**Exercise:**
Please repeat each line below exactly, with no images in the copy.

- - - - - - -

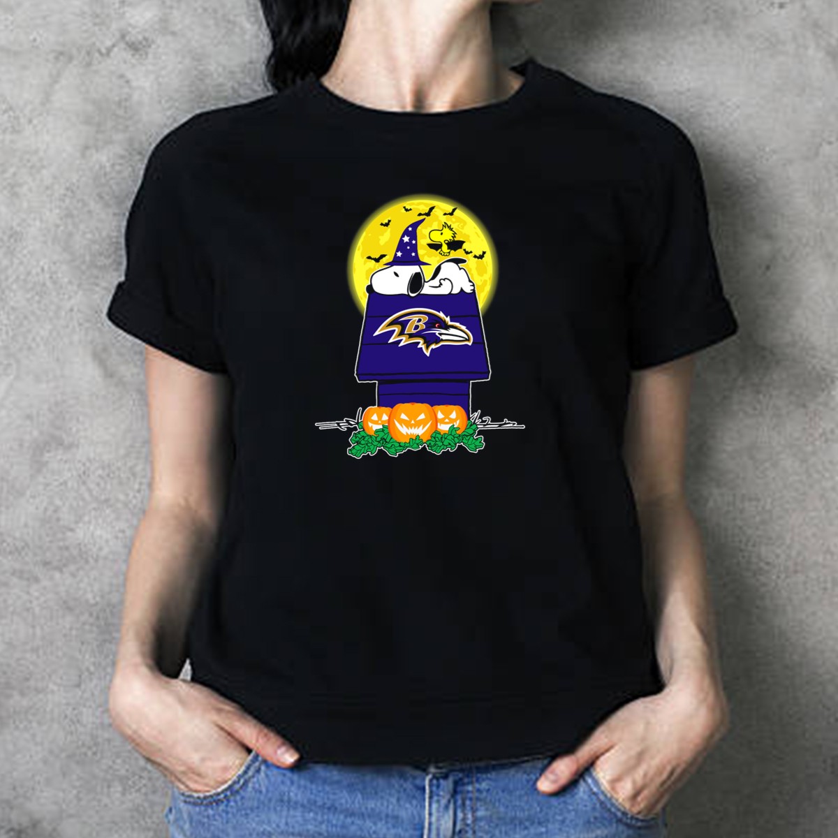 Baltimore Ravens Snoopy Halloween Moon Pumpkins T-Shirt
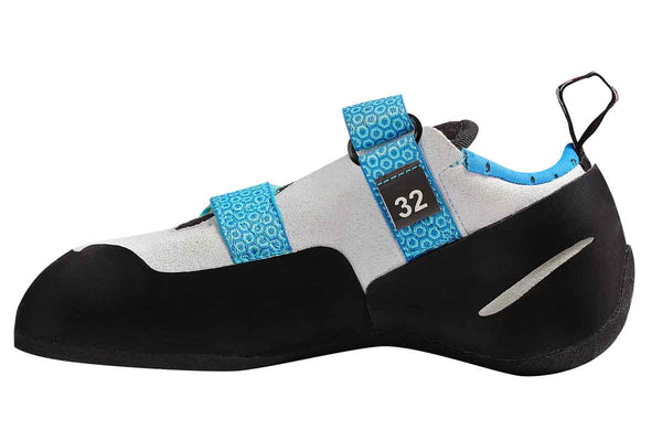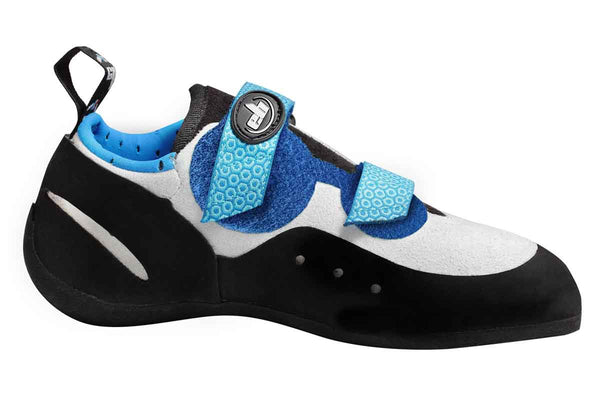 The two Velcro straps allows for ease getting the shoe on and off. This goes with the Vegan friendly upper which move with the foot for utmost flexibility giving the shoe a very comfortable fit. The 4mm spider web rubber allows the climber to be able to stand on small and large holds whilst still allowing them to be able to smear on the wall. The use of 4mm of rubber helps with durability and expands the life of the shoe.
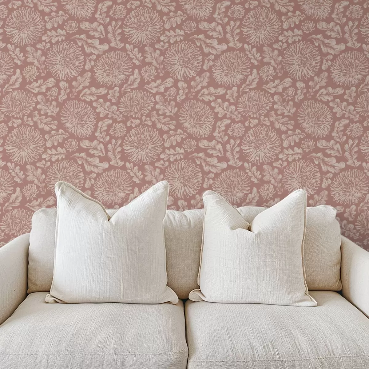 Tapéta Krémes krizantémok poros rózsaszín alapon Nr. a00840v2
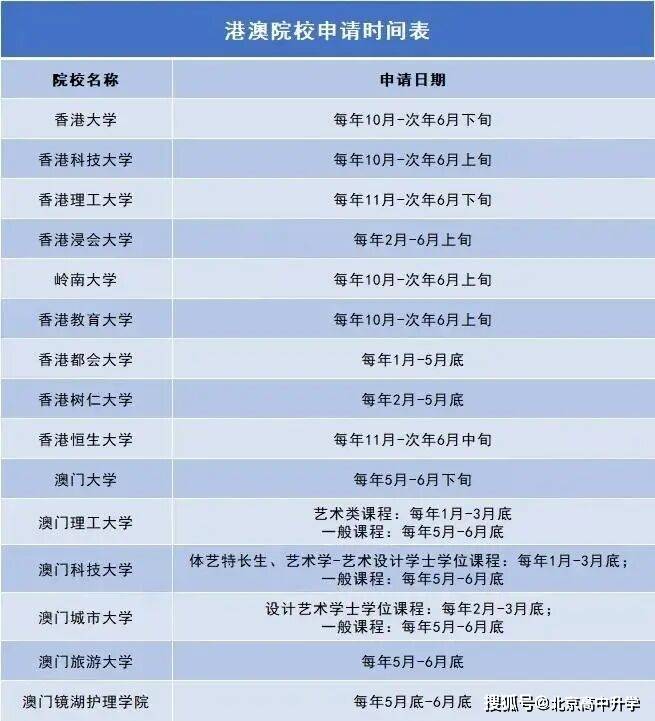 港澳高校一般在每年10月到次年6月进行申请,特整理了重点港澳院校申请日期,供2026届及低年级考生家长参考,详情如下:
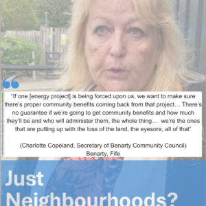 “If one’s [energy project] being forced upon us, we want to make sure there’s proper community benefits coming back from that project… There’s no guarantee if we’re going to get community benefits and how much they’ll be and who will administer them, the whole thing… We need to agree what the figure is and it needs to be set in stone… It needs to come to the local community because we’re the ones that are putting up with the loss of the land, the eyesore, all of that”

- - - - - - -

**Exercise answer:**
 Baltimore Ravens Snoopy Halloween Moon Pumpkins T-Shirt
 The two Velcro straps allows for ease getting the shoe on and off. This goes with the Vegan friendly upper which move with the foot for utmost flexibility giving the shoe a very comfortable fit. The 4mm spider web rubber allows the climber to be able to stand on small and large holds whilst still allowing them to be able to smear on the wall. The use of 4mm of rubber helps with durability and expands the life of the shoe.
 Tapéta Krémes krizantémok poros rózsaszín alapon Nr. a00840v2
 港澳高校一般在每年10月到次年6月进行申请,特整理了重点港澳院校申请日期,供2026届及低年级考生家长参考,详情如下:
 “If one’s [energy project] being forced upon us, we want to make sure there’s proper community benefits coming back from that project… There’s no guarantee if we’re going to get community benefits and how much they’ll be and who will administer them, the whole thing… We need to agree what the figure is and it needs to be set in stone… It needs to come to the local community because we’re the ones that are putting up with the loss of the land, the eyesore, all of that”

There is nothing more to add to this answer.